Embodiments described herein relate to methods and systems for improving control of vehicles.
While travelling over various road and off-road driving surfaces, it is sometimes necessary to traverse sections that include steep gradient changes or other obstructions. Various aspects of a vehicle's geometry may determine if a vehicle may be able to traverse such anomalies without interference between a surface on the vehicle body (e.g., a vehicle chassis or undercarriage) and a segment of the driving surface or obstruction.
This disclosure discusses systems and methods for using one or more suspension system actuators to adjust a posture (e.g., a pitch angle) of a vehicle body in response to information about driving surface anomalies (e.g., road transitions, rocks/boulders, driveway exits, etc.) that may interfere with one or more surfaces (e.g., a chassis, bumper) on the vehicle. In some embodiments, a vehicle's active suspension system may allow a ride height at each wheel to be adjusted individually.
According to one aspect, a method of operating a first motor vehicle is disclosed. The method includes, with one or more controllers, receiving information based on data from a first set of one or more sensors. The method also includes, with the one or more controllers, over a first segment of a driving surface, using at least a portion of the information based on data from the first set of one or more sensors to control a first set of one or more actuators to minimize relative motion between a sprung mass of the first motor vehicle and the first segment of the driving surface. The method also includes, with the one or more controllers, receiving information based on data from a second set of one or more sensors. The method also includes with the one or more controllers, over a second segment of the driving surface, using at least a portion of the information based on data from the second set of sensors to control a second set of one or more actuators to modify a vehicle angle selected from the group consisting of an approach angle, a departure angle, and a breakover angle, wherein the first set of actuators and the second set of actuators have at least one actuator in common.
In some embodiments, modifying the vehicle angle comprises increasing a pitch angle in at least one of a positive direction and a negative direction. In some instances, minimizing relative motion between the sprung mass of the first vehicle and the first segment of the driving surface includes using a skyhook control algorithm in at least one of the one or more controllers. In some instances, the first segment of the driving surface is a portion of a road selected from the group consisting of a public city road and a public highway. In some instances, the second segment of the driving surface is a portion of an off-road surface.
In some embodiments, the at least one actuator in common is selected from the group consisting of an active suspension actuator, an adjustable air spring, and an active roll bar.
In some embodiments, the information based on data received from at least one of the first set of one or more sensors and the second set of one or more sensors includes information about the location of the first vehicle relative to the driving surface.
In some embodiments the first set of sensors and the second set of sensors have at least one sensor in common.

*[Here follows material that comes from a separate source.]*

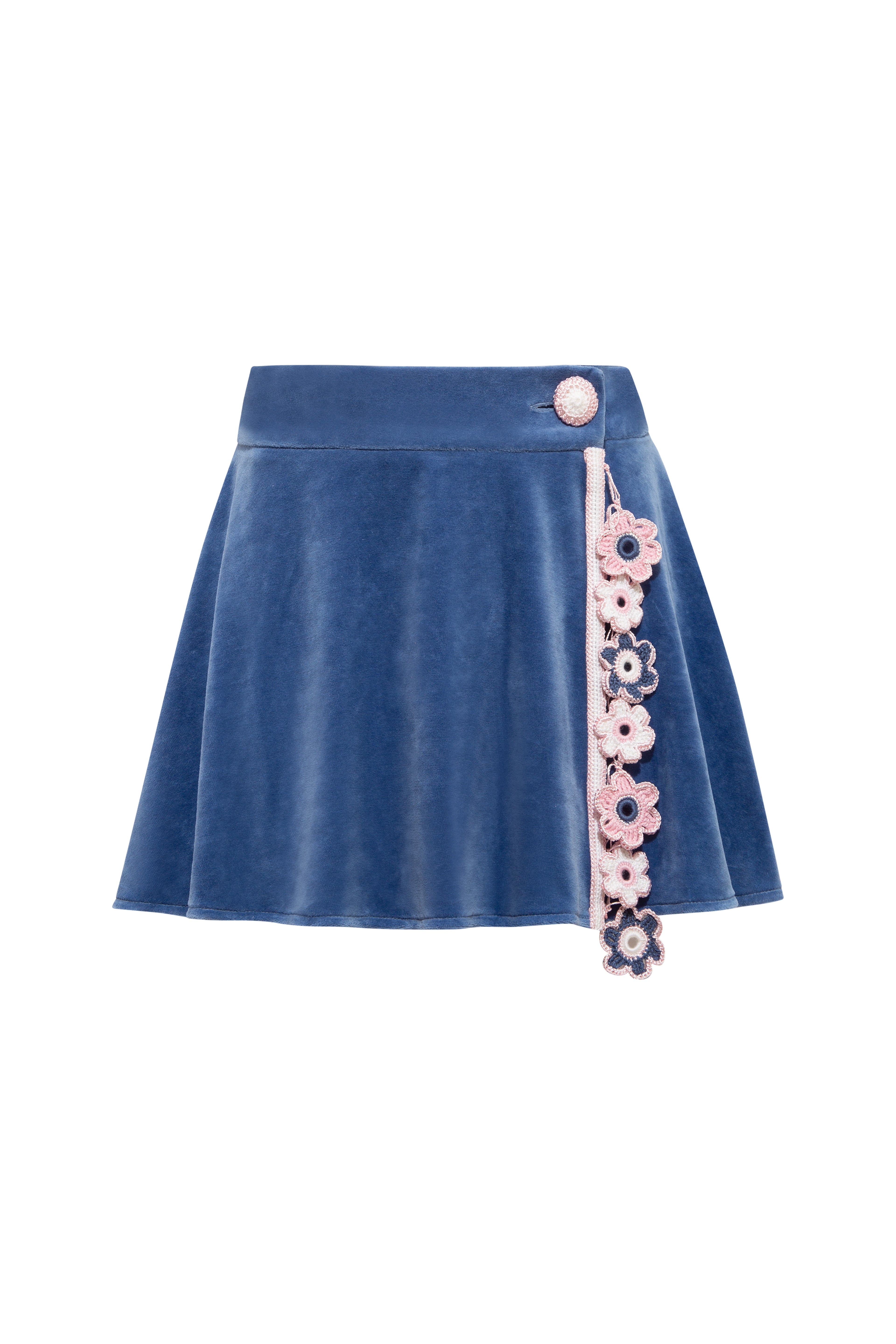Our signature design, this wrap mini skirt blends playful movement with artisanal detailing. It fastens at the waist with a hand-knitted button closure and is adorned at the front with a delicate dangling floral motif accessory. Perfect for creating coordinated looks or styled individually for a chic summer statement.
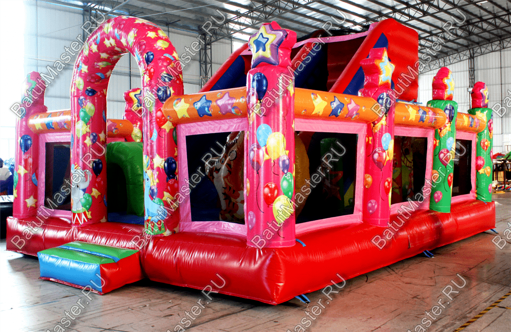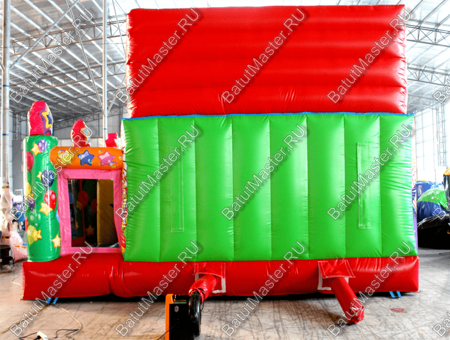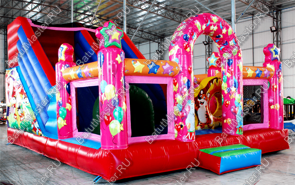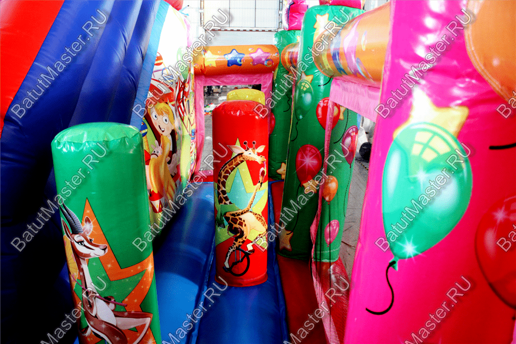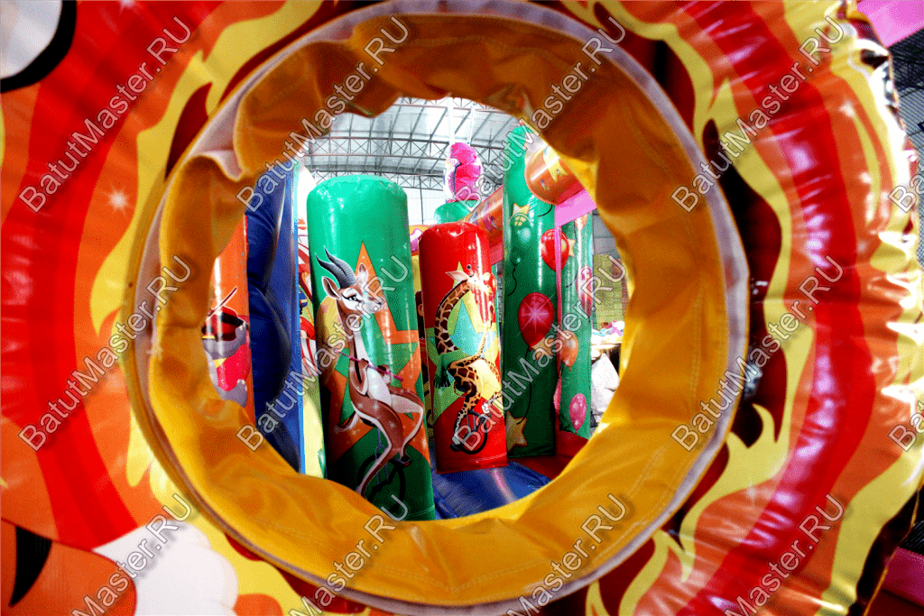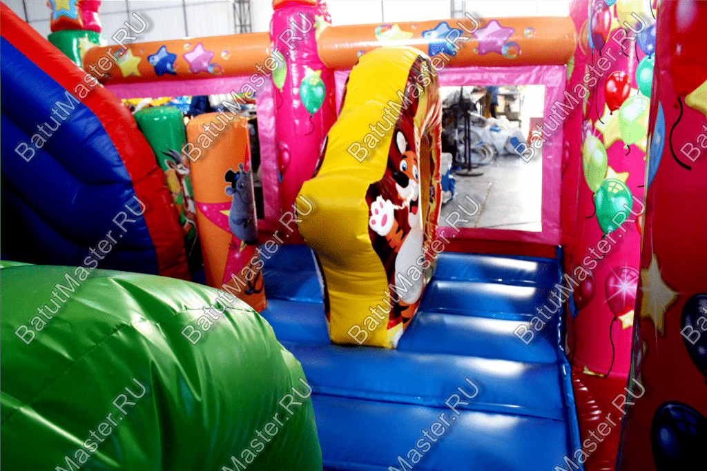 Внутри батута ребята встретят множество развлечений на любой вкус. Тут есть игровые фигуры и груши, с которыми можно весело играть. Одна из надувных фигур выполнена в виде тигра с горящим обручем, сквозь который можно пролезть. Также имеется и просторное место для активных игр и прыжков. Конечно, есть тут и горка с удобной боковой лесенкой.

In some instances, the at least one sensor in common is selected from the group consisting of a LIDAR system, a radar system, and a GPS receiver.
In some embodiments, the method also includes providing, to a second vehicle or a central data storage facility, information about a modification of the vehicle angle and the location where the modification was made.
In some embodiments, modifying the vehicle angle comprises adjusting a ride height of the first vehicle while maintaining a pitch angle of the vehicle.
According to another aspect, a method of operating a motor vehicle that includes at least a first suspension system actuator is disclosed. The method includes obtaining information about a first motion of a sprung mass of the motor vehicle, operating a first controller configured to execute a first control algorithm that generates a first command signal based on the information about the first motion, providing the first command signal to the first suspension system actuator, generating a first force with the first suspension system actuator, and applying the first force to the sprung mass to mitigate the first motion. The method also includes obtaining information about a driving surface to be traversed by the motor vehicle, obtaining information about the geometry of the motor vehicle, and, based at least on the information about the driving surface and the information about the geometry of the motor vehicle, determining that a segment on the driving surface will interfere with a surface on the motor vehicle. The method also includes operating a second controller that includes a second control algorithm configured to execute a second command signal based on the information about the driving surface and the information about the geometry of the motor vehicle, providing the second command signal to the first suspension system actuator, generating a second force with the first suspension system actuator, and applying the second force to the sprung mass to induce a second motion.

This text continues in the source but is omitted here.